■ **What you are asked to do**: Take the data below and copy exactly the lines starting at the one with "Season the Spanish" and finishing at the one with "4) bootstrap.min.css 파일", both included.
[Data supplied]
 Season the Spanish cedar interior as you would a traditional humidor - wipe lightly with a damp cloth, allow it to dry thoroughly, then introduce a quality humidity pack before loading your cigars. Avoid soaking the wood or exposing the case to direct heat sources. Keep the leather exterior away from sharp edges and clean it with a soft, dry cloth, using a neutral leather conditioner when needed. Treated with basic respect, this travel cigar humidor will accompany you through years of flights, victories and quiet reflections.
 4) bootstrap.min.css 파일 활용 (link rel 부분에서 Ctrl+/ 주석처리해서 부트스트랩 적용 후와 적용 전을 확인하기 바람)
[/Data supplied]
[Data supplied]
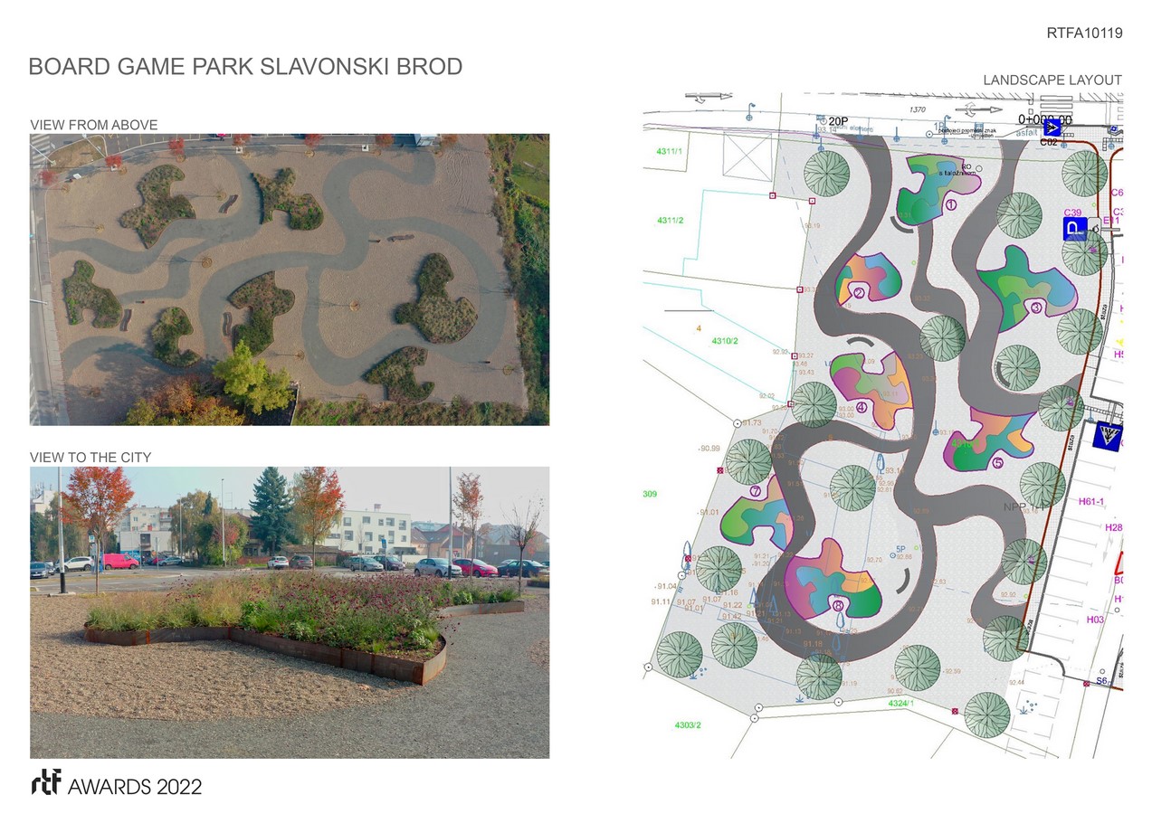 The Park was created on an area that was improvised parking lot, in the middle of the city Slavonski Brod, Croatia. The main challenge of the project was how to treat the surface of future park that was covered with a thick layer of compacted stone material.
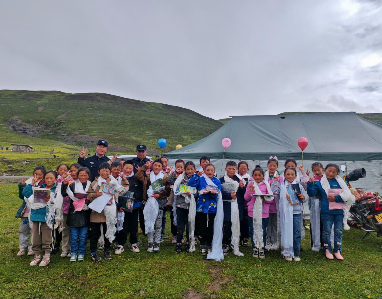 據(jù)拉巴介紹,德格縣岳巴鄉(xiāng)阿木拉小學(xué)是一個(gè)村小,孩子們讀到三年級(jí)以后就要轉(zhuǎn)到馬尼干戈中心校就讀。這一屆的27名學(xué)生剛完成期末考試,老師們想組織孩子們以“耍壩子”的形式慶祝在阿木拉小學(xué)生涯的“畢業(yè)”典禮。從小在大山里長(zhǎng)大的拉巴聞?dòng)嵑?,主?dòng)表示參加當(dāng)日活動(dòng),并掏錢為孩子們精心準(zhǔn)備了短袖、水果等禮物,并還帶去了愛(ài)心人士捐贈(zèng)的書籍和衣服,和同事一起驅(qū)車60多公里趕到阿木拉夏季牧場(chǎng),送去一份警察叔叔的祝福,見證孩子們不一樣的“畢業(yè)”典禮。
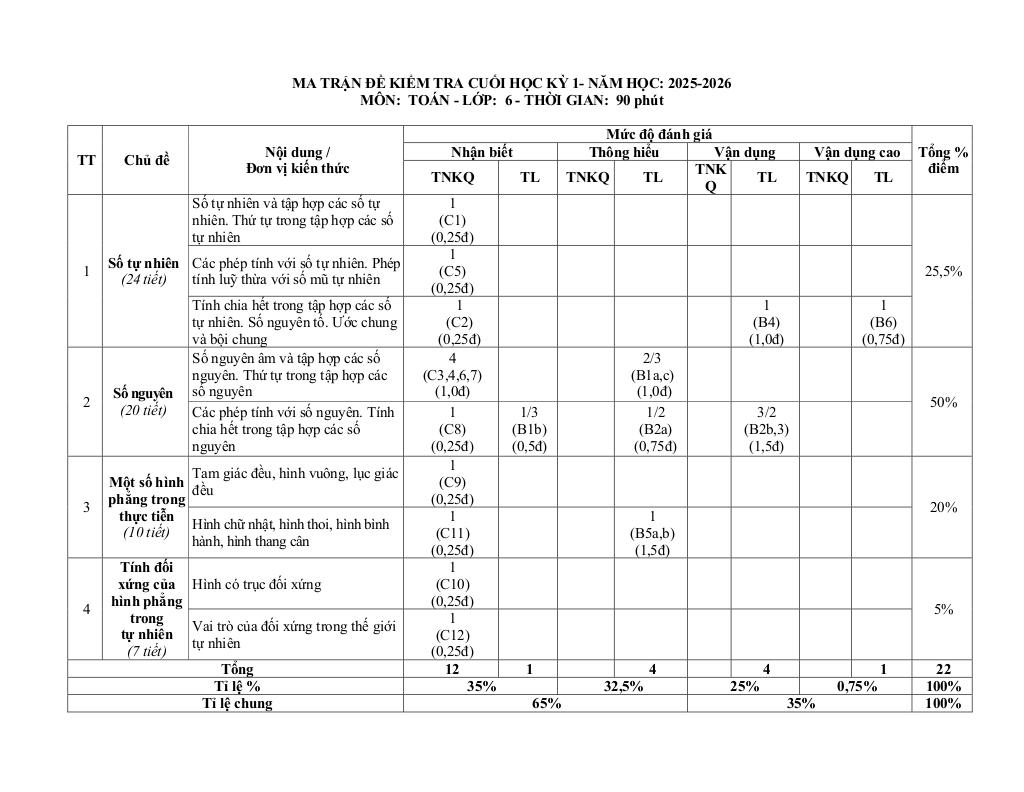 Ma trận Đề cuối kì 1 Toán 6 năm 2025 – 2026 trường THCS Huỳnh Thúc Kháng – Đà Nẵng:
[/Data supplied]
■ **Result below**:
 Season the Spanish cedar interior as you would a traditional humidor - wipe lightly with a damp cloth, allow it to dry thoroughly, then introduce a quality humidity pack before loading your cigars. Avoid soaking the wood or exposing the case to direct heat sources. Keep the leather exterior away from sharp edges and clean it with a soft, dry cloth, using a neutral leather conditioner when needed. Treated with basic respect, this travel cigar humidor will accompany you through years of flights, victories and quiet reflections.
 4) bootstrap.min.css 파일 활용 (link rel 부분에서 Ctrl+/ 주석처리해서 부트스트랩 적용 후와 적용 전을 확인하기 바람)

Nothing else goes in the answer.